Yemeni Hezbollah threatens to hit port, airports in Saudi Arabia, UAE
Yemen’s Houthi Ansarullah movement, which aids the country’s army in its fight against Saudi Arabia’s deadly military campaign, has threatened to launch more missile attacks on ports and airports in Saudi Arabia and the United Arab Emirates (UAE) in retaliation for the massacre of thousands of Yemenis.
“All airports, ports, border crossings and areas of any importance to Saudi Arabia and the UAE will be a direct target of our weapons, which is a legitimate right,” the Houthi political office said in a statement on Tuesday.
“We will not stand idly by, we will seek more radical means to prevent both the tightening of the blockade and all acts aimed at starving and humiliating the people of Yemen,” the statement added.
The development came a day after the Saudi-led coalition against Yemen announced that it had “decided to temporarily close all Yemeni air, sea and land ports.”
On Saturday, Yemeni forces, backed by popular Houthi fighters, had launched a Borkan H2 long-range missile at King Khalid International Airport in northeastern Riyadh, the first to reach the Saudi capital.
Saudi military authorities said at the time that the missile had been fired at an international airport by Houthi fighters, who have been on the forefront of fighting against the Saudi war machine since 2015, but was intercepted and destroyed.
The Houthi forces have launched a number of long-range missiles across the border in recent years.
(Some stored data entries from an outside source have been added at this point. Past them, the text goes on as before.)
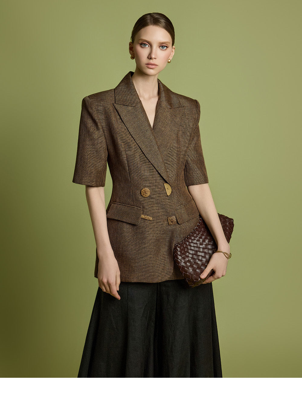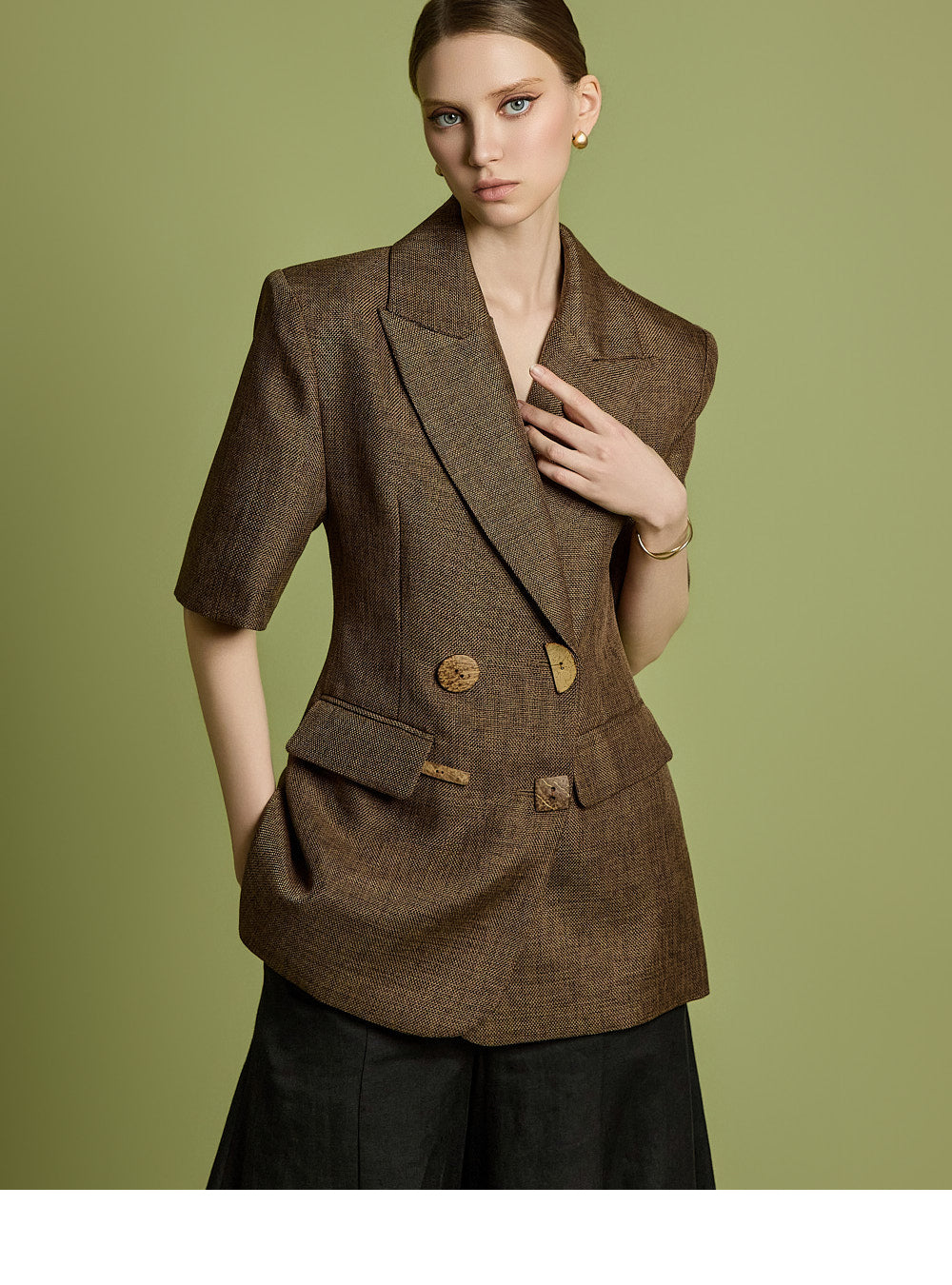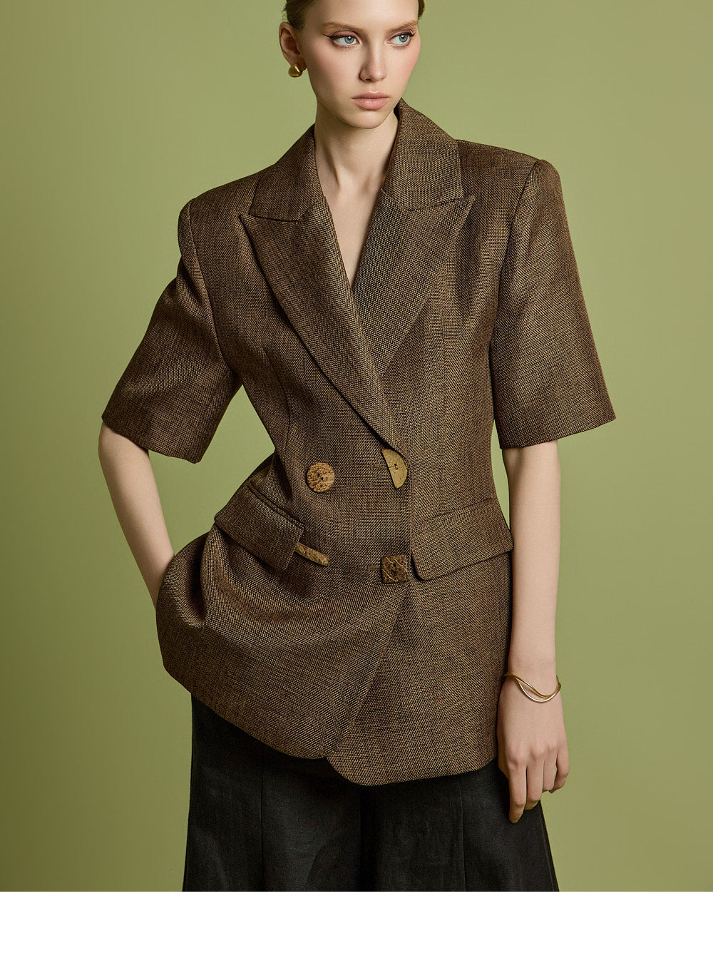 このジャケットはクラシックで洗練された雰囲気を醸し出します。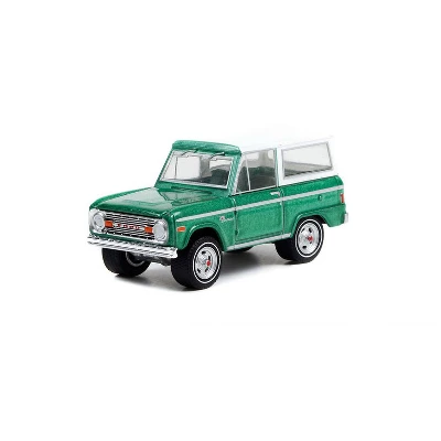 Produced by Greenlight Collectibles, this is a 1/64 scale 1977 Ford Bronco Jade Glow, Lot 1001.1, and it is part of the Barrett Jackson Scottsdale Series 9. This Bronco measures approximately 2.75″L x 1″W x 1.25″H, and it is made of plastic, rubber, and diecast. Per the manufacturer, this item is recommended for ages 8+ years, for display only.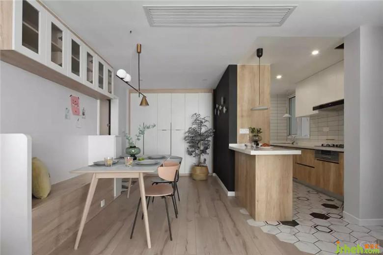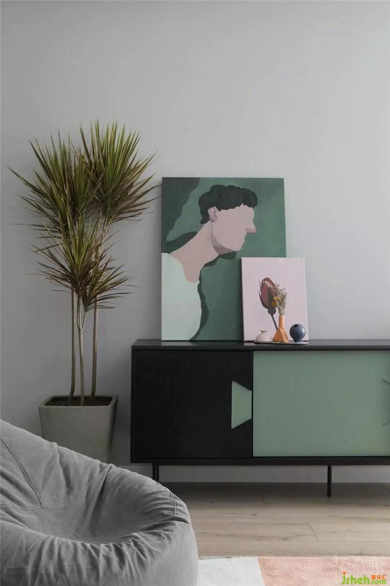 房子的整體采光都很好,我們也盡量的保留大部分的格局不變,讓自然光線可以撒滿整個屋子。因為廚房的格局與采光較弱,所以改動較大,廚房改為開放式的布局,增加吧臺與收納的空間。生活陽臺則從衛(wèi)生間通過,這樣廚房的空間也通透明亮起來。而在色彩上,我們也是采用大面積的灰度色彩,搭配低飽和度色調(diào)的的家具,讓整個房間通透而雅致,再用一些明亮顏色的配飾點綴其中,讓空間充滿趣味。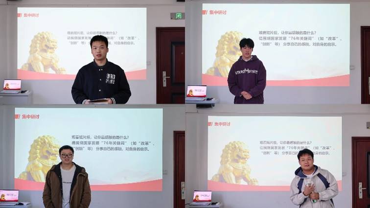 在专题学习环节,支部集体观看了央视新闻建国76周年特别视频《每一秒,前进!》,短片从海之盾、空之翼、陆之矛三个角度展现和平需要实力来捍卫,洪思玮以“实力”作为76年关键词展开集中研讨,从1840年中国因工业落后而被动挨打,到今天拥有世界全产业链和最强工业生产国,且国防、军事、轨道交通、人工智能、航天等领域领跑世界,这百年跨越印证了一个硬道理:打铁必须自身硬。接着,支部党员王国典、曾鲁湘、李培杰等纷纷分享“76年的发展,哪些关键词最能打动你?”围绕“梦想与现实的辩证”“创新”“改革”“担当”讲述祖国的发展及对个人的启示。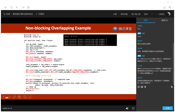 2020年7月21日-7月30日,a小说 暑期国际讲堂《高性能计算与系统优化》通过腾讯课堂线上授课圆满完成。该课程由学院邀请海纳国际集团的亚太地区技术负责人商磊博士(特聘研究员)进行授课。来自教育实验学院、计算机学院、a小说 、动力与能源学院、物理科学与技术学院、管理学院、西工大伦敦玛丽女王大学工程学院的本科、研究生及旁听师生共计40余名参加了学习。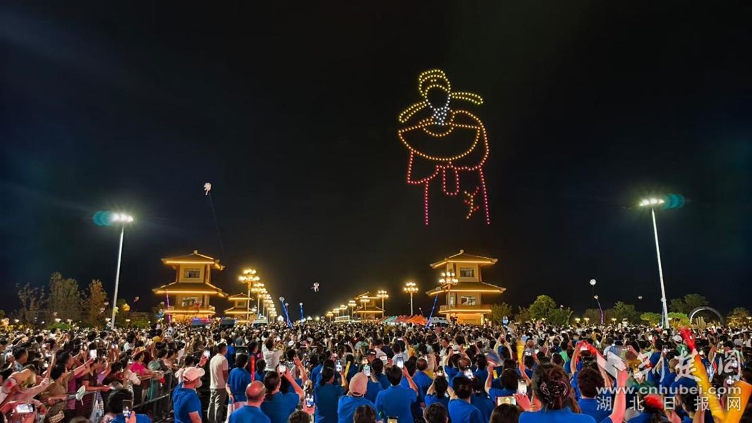 夜幕中,三百架無人機(jī)騰空而起,伴隨著悠揚(yáng)的黃梅調(diào),在天空中次第變幻出黃梅戲服、“莫錯(cuò)過”字樣等立體光影圖案,與兩岸璀璨燈光交織成一幅科技與藝術(shù)深度融合的絢麗畫卷,引來觀眾驚嘆連連。
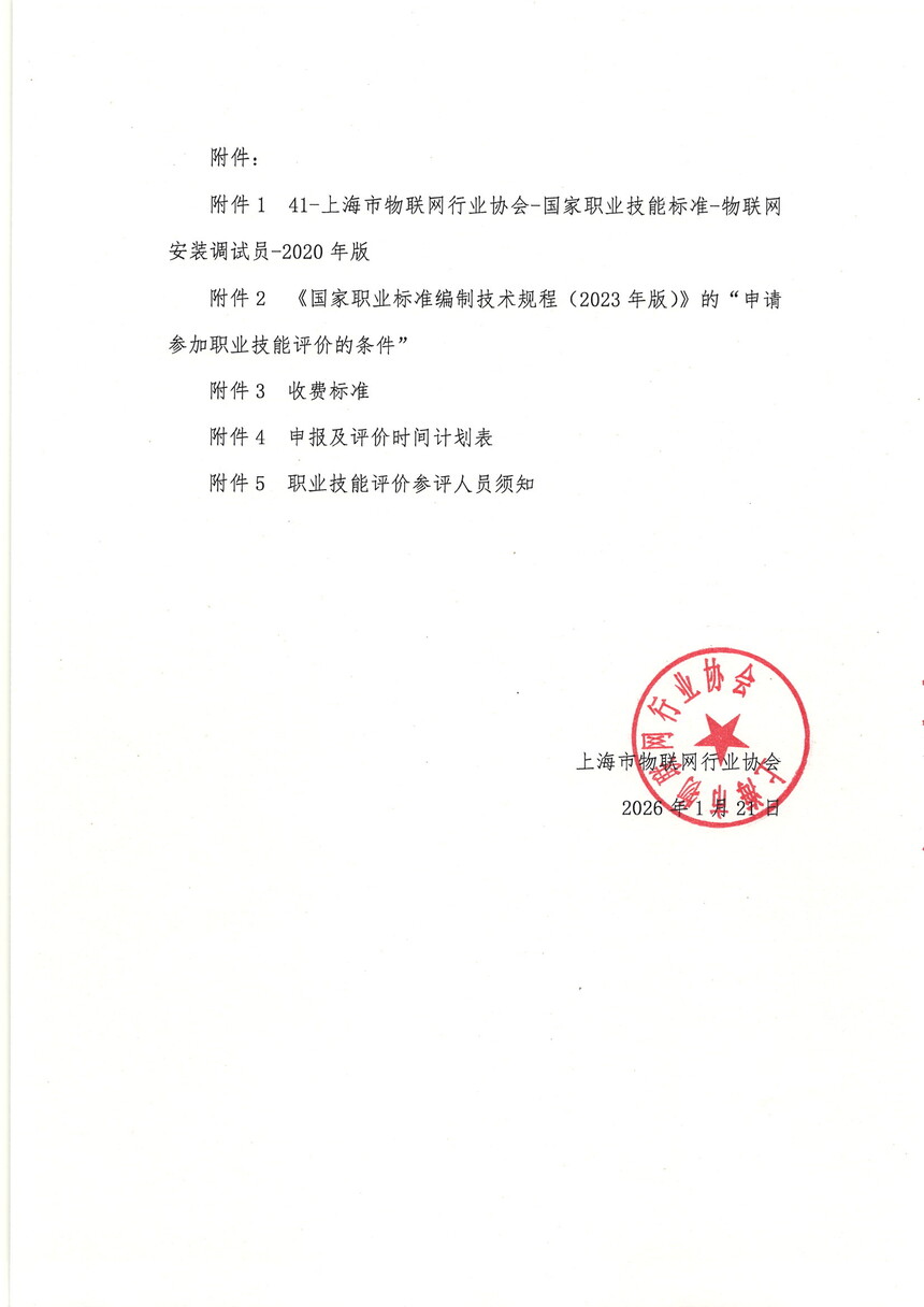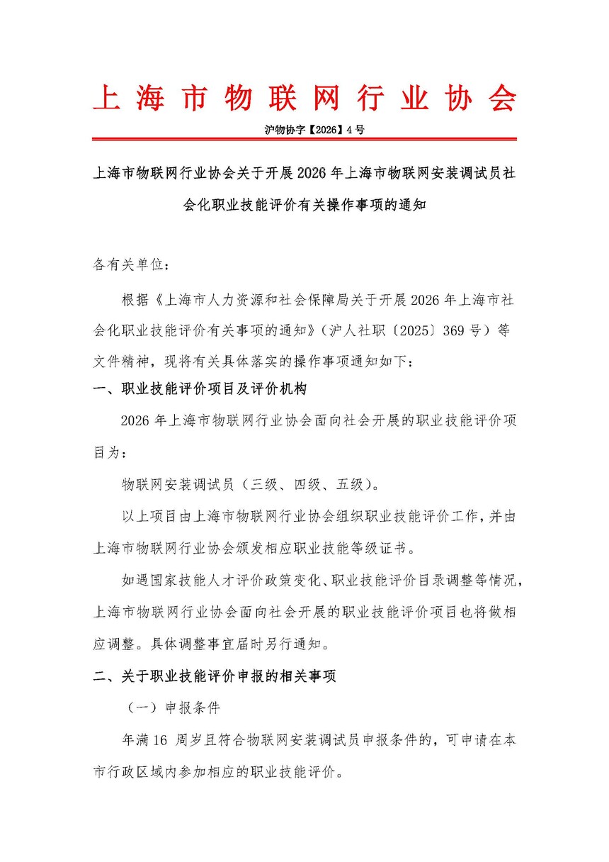 《上海市物联网行业协会关于开展 2026 年上海市物联网安装调试员社会化职业技能评价有关操作事项的通知》.PDF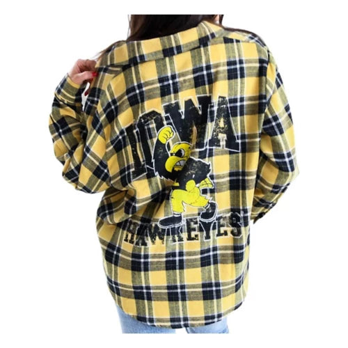 Get cozy and show your Hawkeyes pride with the Iowa Dunn Dream! This oversized yellow and black plaid shirt features the iconic Iowa Hawkeyes logo on the back—perfect for layering up during those crisp fall games at Kinnick. Stay warm, stylish, and spirited while cheering on your team in comfort!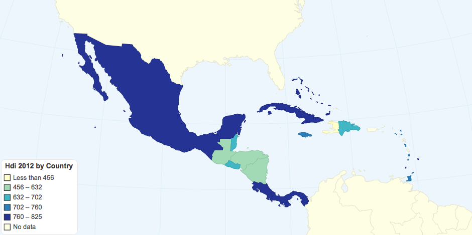 map caribbean central american hdi in 2012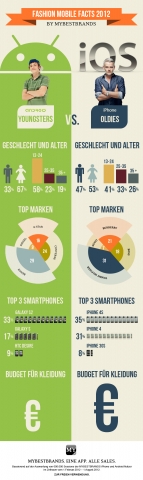 München, September 2012 - Auf das Budget kommt es an: Erwachsene leisten sich ein iPhone, die jüngere Generation eher ein Android-Smartphone. Zu diesem Ergebnis kommt der "MyBestBrands Fashion Contest". Über 500.000 Sessions mit der kostenlosen iPhone- und Android-App von MyBestBrands wurden ausgewertet. Das Ergebnis: Die iPhone-Nutzer interessieren sich für hochwertige und klassische Marken wie Hilfiger, Burberry und Boss, während die Android-Fraktion junge, coole Marken wie Bench, Converse und G Star bevorzugt.

However, Saturday’s strike appeared to be the deepest yet within Saudi territory.
In response to the unexpected Yemeni retaliatory missile attack, the Riyadh-led coalition announced on Monday that it would further tighten an already imposed blockade on the war-ravaged country by closing all land, air and sea ports in Yemen. The blockade even includes the United Nations-supervised relief supplies despite urgent appeals from the world body.
Saudi Arabia has also imposed a total embargo on Yemen, causing severe shortages of food and medicine. A recent cholera epidemic has been blamed on those shortages.
“If these channels, these lifelines, are not kept open it is catastrophic for people who are already in what we have already called the world’s worst humanitarian crisis,” said Jens Laerke, a spokesman for the UN humanitarian office, OCHA, in Geneva, Switzerland, on Tuesday.
Saudi war machine massacres people in Hajjah
Yemen’s al-Masirah television network reported that earlier on Tuesday Saudi warplanes had conducted nearly 20 airstrikes against residential areas in Haran district in Yemen’s northwestern province of Hajjah.
Initial reports said that at least 50 people, including women and children, were either killed or injured in the aerial aggression. Local sources also said that all members of a family lost their lives in the strikes.
Meanwhile, al-Masirah said in a separate report that at least 10 of the victims were medics who had gone to aid the wounded from the first airstrikes. Medical authorities in the area said the death toll would likely rise due to the severity of some of the injuries and the fact that there were people who might have lost their lives but whose bodies have not yet been recovered from the rubble.
Since March 2015, the Saudi regime has been heavily bombarding Yemen as part of a brutal campaign against its impoverished southern neighbor in an attempt to reinstall Yemen’s former President Abd Rabbuh Mansur Hadi, a staunch ally of Riyadh, and crush Ansarullah, which is in control of large parts of Yemen, including the capital. The Saudi campaign, however, has failed to achieve its goals.
Over the past two years, Houthis have been running state affairs and defending Yemeni people against the Saudi aggression.
Latest figures show that the war has so far killed over 12,000 Yemenis and wounded thousands more. The Saudi aggression has also taken a heavy toll on the country’s facilities and infrastructure, destroying many hospitals, schools, and factories.